Records from a collection:
= = =

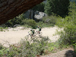 El camino de vuelta lo hicimos por el mismo que habíamos ido, no sin antes despistarnos un poco y dar una vuelta hasta encontrar el camino de regreso. Todo transcurrió sin novedad y a buen ritmo hasta que volvimos a pasar el riachuelo donde Juanra había metido el pie. Kike, Miguel y yo decidimos bajarnos de nuestras monturas y pasar andando por el paso que hay para tal efecto. Pero Juanra y Rebo no…. Y esta vez le tocó al más veterano meter la pata, nunca mejor dicho, metiendo un pie en el agua (y Rebo no lleva bota impermeable…).
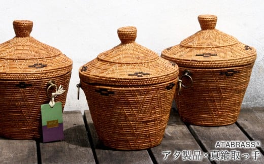 - BAI-262SIN アタ 真鍮取っ手円錐バスケット(黒模様・φ23×H25)
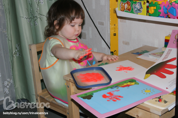 Рисовали пальчиковыми красками петушка
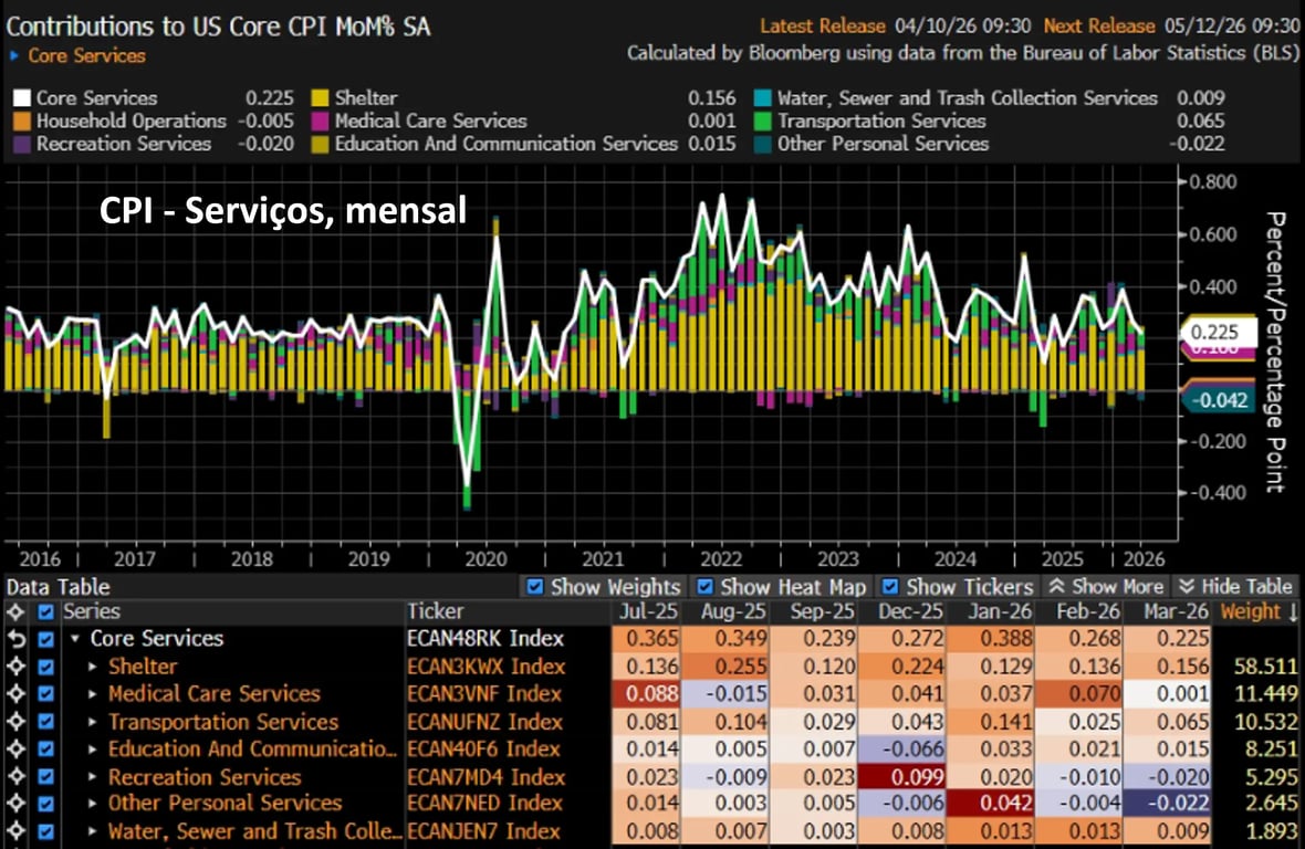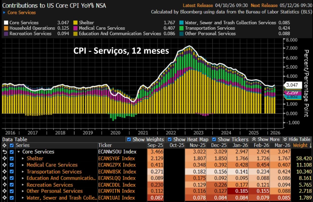 Serviços ainda acumulam alta de +3,05% em 12 meses e precisam reduzir esse patamar para que a inflação caminhe em direção à meta do Fed de 2%. Contudo, temos visto um processo de desaceleração em curso, e o dado já é melhor do que os +3,68% observados em março de 2025.
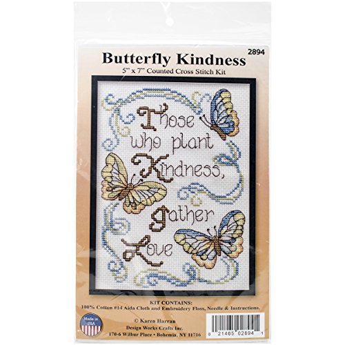 Tobin 14 Count Butterfly Kindness Mini Counted Cross Stitch Kit, 5" by 7"
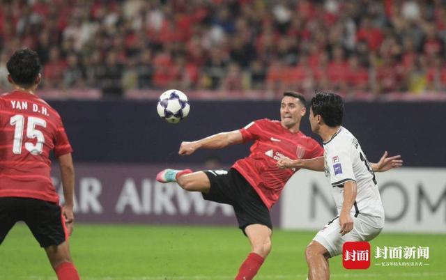 上半场比赛,江原FC控球稍占上风,成都蓉城则更多地使用犯规来阻挡对手。阿联酋的主裁判吹罚尺度比较松,一般的身体对抗都不会吹哨,对此成都蓉城一度不太适应。比赛的转折发生在第35分钟,成都蓉城获得前场角球,罗慕洛主罚开到后点,杨帅头球回点到中路,周定洋不停球凌空打门,虽然角度比较正,但江原门将措手不及,皮球钻进网窝,1-0!成都蓉城取得领先!这粒进球无疑极大地提升了球队士气,成都蓉城开始慢慢扭转场上被动的局势。
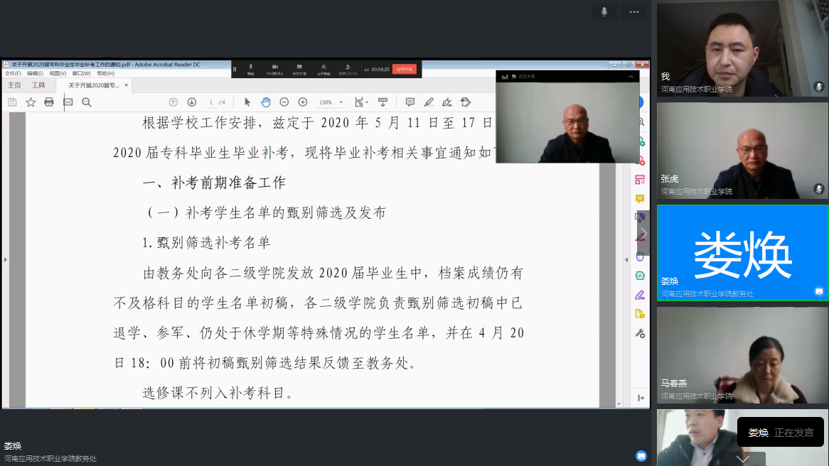 娄焕副院长宣读教务处下发《关于2020届毕业生顶岗实习材料收缴,评定,成绩上报的通知》、《加强教学检查的通知》、《关于开展2020 届专科毕业生毕业补考工作的通知》根据文件,对学院补考工作进行布置,要求一是毕业班辅导员第一时间及时通知到补考学生,二是承担补考任务的教师在规定时间内出好试卷并做好保密工作,三是提前做好网络补考测试,留存测试截图,四是做好补考成绩的上报工作。

= = =

WHAT IS EXPECTED: Could you retype every line above exactly as it appears, skipping the pictures?

SOLUTION:
 El camino de vuelta lo hicimos por el mismo que habíamos ido, no sin antes despistarnos un poco y dar una vuelta hasta encontrar el camino de regreso. Todo transcurrió sin novedad y a buen ritmo hasta que volvimos a pasar el riachuelo donde Juanra había metido el pie. Kike, Miguel y yo decidimos bajarnos de nuestras monturas y pasar andando por el paso que hay para tal efecto. Pero Juanra y Rebo no…. Y esta vez le tocó al más veterano meter la pata, nunca mejor dicho, metiendo un pie en el agua (y Rebo no lleva bota impermeable…).
 - BAI-262SIN アタ 真鍮取っ手円錐バスケット(黒模様・φ23×H25)
 Рисовали пальчиковыми красками петушка
 Serviços ainda acumulam alta de +3,05% em 12 meses e precisam reduzir esse patamar para que a inflação caminhe em direção à meta do Fed de 2%. Contudo, temos visto um processo de desaceleração em curso, e o dado já é melhor do que os +3,68% observados em março de 2025.
 Tobin 14 Count Butterfly Kindness Mini Counted Cross Stitch Kit, 5" by 7"
 上半场比赛,江原FC控球稍占上风,成都蓉城则更多地使用犯规来阻挡对手。阿联酋的主裁判吹罚尺度比较松,一般的身体对抗都不会吹哨,对此成都蓉城一度不太适应。比赛的转折发生在第35分钟,成都蓉城获得前场角球,罗慕洛主罚开到后点,杨帅头球回点到中路,周定洋不停球凌空打门,虽然角度比较正,但江原门将措手不及,皮球钻进网窝,1-0!成都蓉城取得领先!这粒进球无疑极大地提升了球队士气,成都蓉城开始慢慢扭转场上被动的局势。
 娄焕副院长宣读教务处下发《关于2020届毕业生顶岗实习材料收缴,评定,成绩上报的通知》、《加强教学检查的通知》、《关于开展2020 届专科毕业生毕业补考工作的通知》根据文件,对学院补考工作进行布置,要求一是毕业班辅导员第一时间及时通知到补考学生,二是承担补考任务的教师在规定时间内出好试卷并做好保密工作,三是提前做好网络补考测试,留存测试截图,四是做好补考成绩的上报工作。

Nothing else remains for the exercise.